Hood has also defended Georgia’s voter ID requirements, saying that while it did suppress turnout, he could find “no empirical evidence to suggest that there is a racial or ethnic component to this suppression effect.”
The new Illinois lawsuit points out that the same-day law was passed with only Democratic votes and was signed by a Democratic governor. “Not coincidentally,” the group wrote in a statement, “high-population counties in Illinois tend to favor Democratic candidates; low-population counties in Illinois tend to favor Republican candidates.”

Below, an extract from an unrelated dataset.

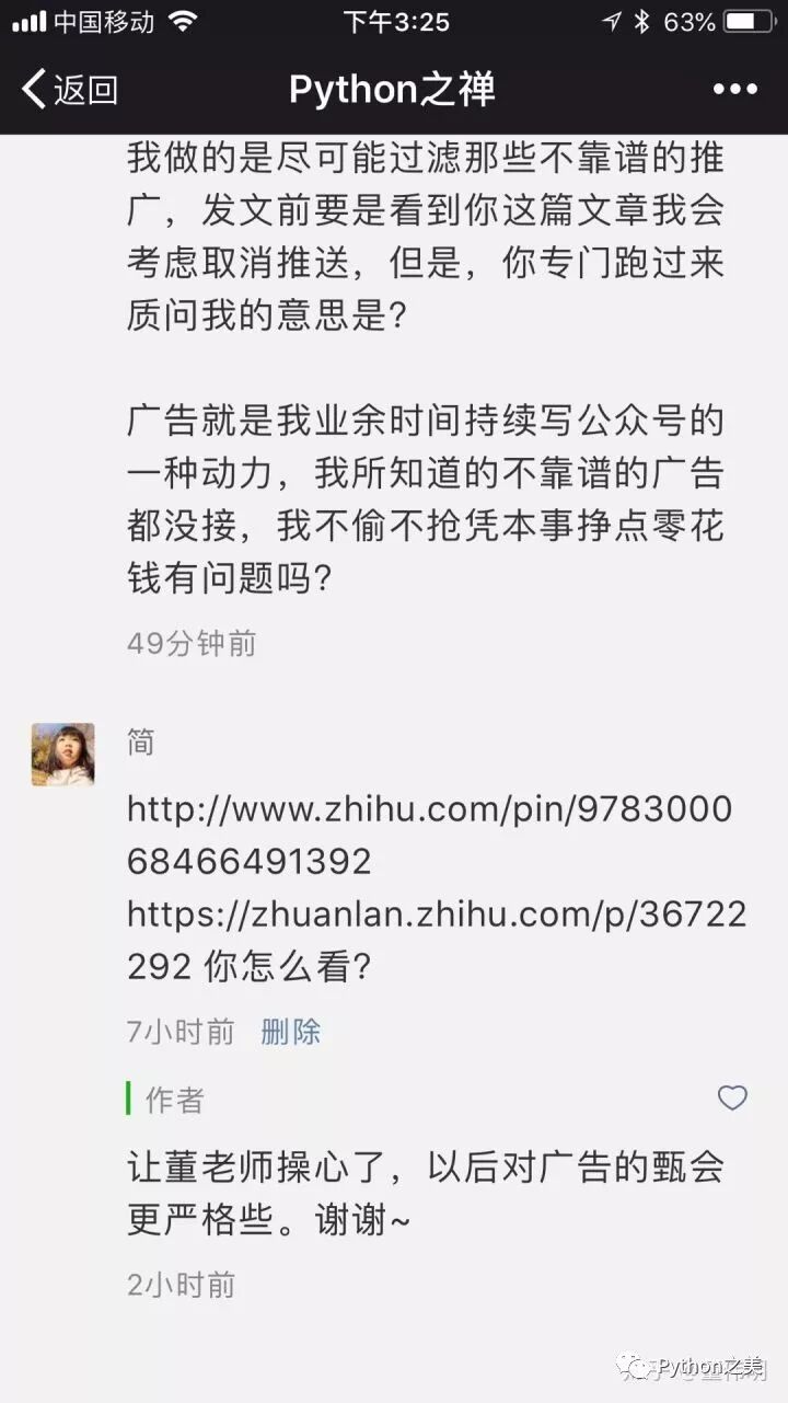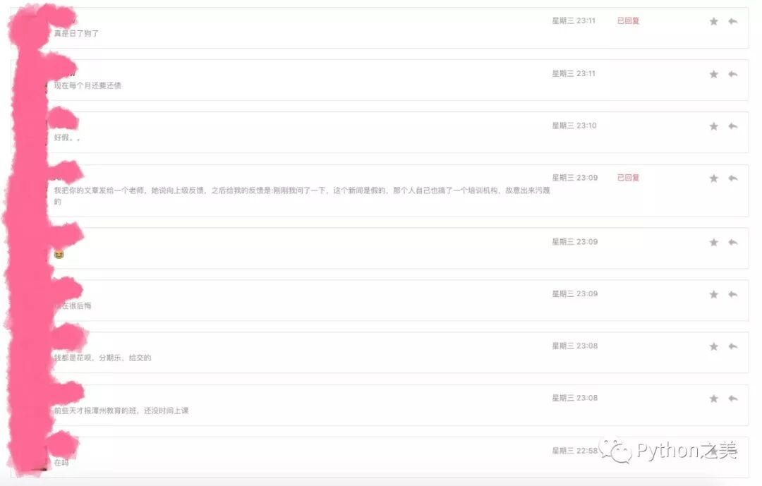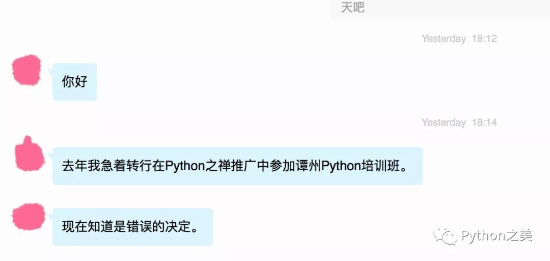 原谅我打码水平.. 这就是我写这类文章的意义,我希望大家看到的是一个正确的Python观,如之前所说做那个观点的少数派,希望未来有很多人由于看到我的文章而而不会如这2位同学一样后悔,我能做的也就到这里。和工作生活一样,勿以善小而不为,勿以恶小而为之,在成人的世界不能只看利弊,也要分对错。某学院说我诽谤,你们别笑就好,但是提到了我搞培训,我这里墨迹几句,你们关注我就知道我在去年写过(公众号历史上我还怼过另外一个公众号,为了防止有人说我翻旧账就都不加链接了):

But state Rep. Christian Mitchell (D-Chicago) took to Twitter to repeatedly denounce the Illinois Policy Institute’s lawsuit as an attempt at “voter suppression,” similar to what happened in Wisconsin. Mitchell, an African-American legislator who strongly supported the same-day bill, claimed that, after “defending Rauner ‘budgets,’” the conservative think tank is “now doing his dirty work of voter suppression.” The group responded by repeating its legal claim that the law violates the U.S. Constitution’s Equal Protection Clause.
This is, without a doubt, the single most fascinating year for Illinois politics in my lifetime. And it’s only gonna get weirder as every single trick in the book is played—and maybe some that aren’t even in the book.